Otherwise, think outside the box. And think side dish. Don’t fall back on brownies (one cannot eat three kinds of brownies for dinner) or a green salad (ditto, though debatable). Consider a room-temperature vegetable dish, grain salad, fruit salad, savory bite, or other single-serving nibble. It’s summer, so we’re all happy to have corn off the cob, tomatoes of all kinds, berries, beets, carrots, zucchini, green beans, and anything from your garden or a local farm stand. If you like to bake, biscuits, cornbread, or a puff-pastry tart can be nice.
To make your host’s life easier, label the bowl or platter you bring with your initials. Bring your own serving utensils. Don’t bring something that requires busting into the host’s hot, tiny, crowded kitchen to use the broiler. Bring something that’s manageable to scoop or slide on to a plate full of food and that’s manageable to eat.
Now about that secret fear we all harbor to some degree: potluck-dish-failure. Will people like my favorite dish? Will anyone eat it, or will it be the last thing left on the table? To assuage your worries, I’d first remind you that usually everything at a Vineyard potluck is devoured. Second, if you’re truly worried, it’s okay to bring a tray of cheese and charcuterie or fruit.
And third, you can feel glad that you do not have my problem. As a cookbook author and food writer living on this tiny Island, I have the unfortunate luck of attracting great scrutiny to anything I bring to a potluck. And come on, people; I’m scrambling just like the rest of you. I’m not at home dreaming up Bon Appétit–cover worthy potluck dishes! My solution is to fall back on an age-old strategy: I bring nearly the same thing to every potluck – something I know is an unequivocal crowd-pleaser. It’s cheating a bit, but at least I vary the presentation and the accompaniments.

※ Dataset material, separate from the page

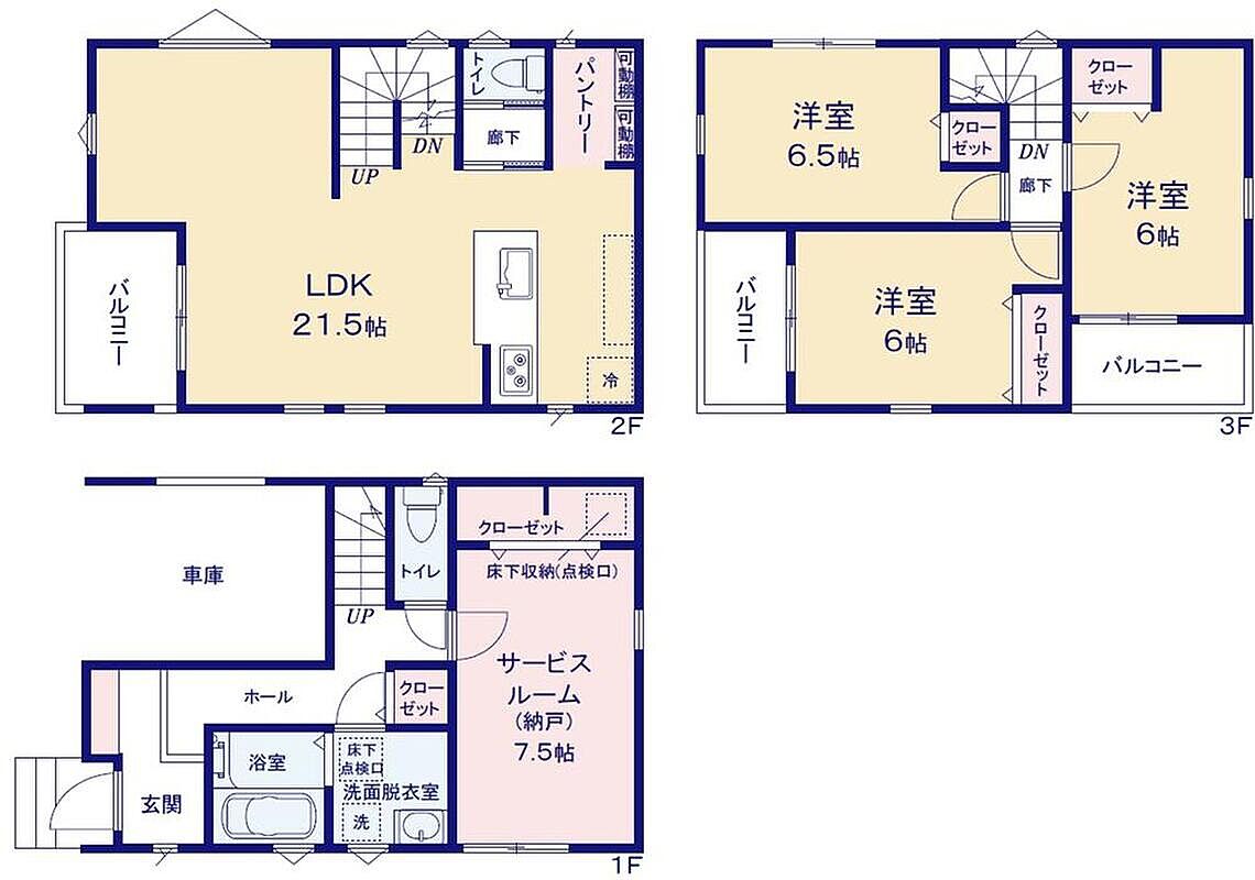 | 間取り | 3LDK+S(納戸) | 建物構造 | 1号棟:木造3階建、2号棟:木造2階建 |

It’s crispy smashed potatoes. Before you go telling me that this is a ubiquitous internet sensation, I have to inform you that I first developed my crispy smashed potato recipe for Fine Cooking magazine more than fifteen years ago (pre-Instagram!), so I’m not embarrassed to own it. For years I’ve served these little gems year-round, usually soon after they emerge from the oven. But once I began taking them to my West Tisbury friend Katharine Long’s famous solstice potluck, I discovered that no one had a problem eating them at room temperature. The problem was more along the lines of never bringing enough.

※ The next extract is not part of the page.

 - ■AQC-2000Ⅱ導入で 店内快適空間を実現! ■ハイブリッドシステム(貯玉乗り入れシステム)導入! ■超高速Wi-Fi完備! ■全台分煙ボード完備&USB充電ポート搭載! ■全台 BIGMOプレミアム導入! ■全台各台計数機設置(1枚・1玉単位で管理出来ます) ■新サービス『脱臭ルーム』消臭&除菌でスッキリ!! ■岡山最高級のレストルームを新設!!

So, for this summer’s potlucks, I’ve settled on a new twist for crispy smashed potatoes. I’m turning them into a salad by topping them with a Summer Corn–Cherry Tomato Dressing, as well as a bit of Limey Drizzling Sauce. Having two dressings is a cheffy thing, but the contrasting flavors and textures are worth it, and neither is hard to make. Be generous with the corn-tomato dressing and judicious with the limey sauce. As a salad, you lose some of the intense crispy-crunchiness you get straight out of the oven when serving roasted smashed potatoes as a hot dish. But what you gain is a lot of texture and flavor in a potato salad that’s nothing like the old standbys.

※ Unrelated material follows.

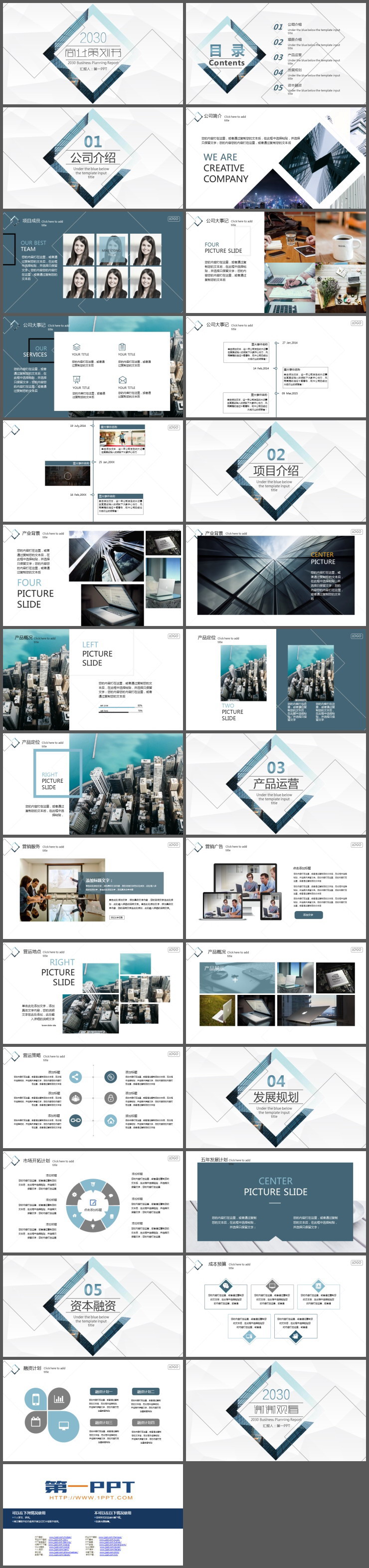大气简洁的菱形背景商业计划书PPT模板,共28页;

Arranged on an oval or round platter, this Crispy Smashed Potato "Salad" is a festive and delicious dish, perfect for serving at room temperature. If you’re serving this at your house, you can assemble and dress it shortly before your guests arrive. If you’re transporting, you can put the toppings in separate containers and assemble the platter when you arrive. Bring some fresh herbs from your garden to garnish. And be prepared to take home an empty platter.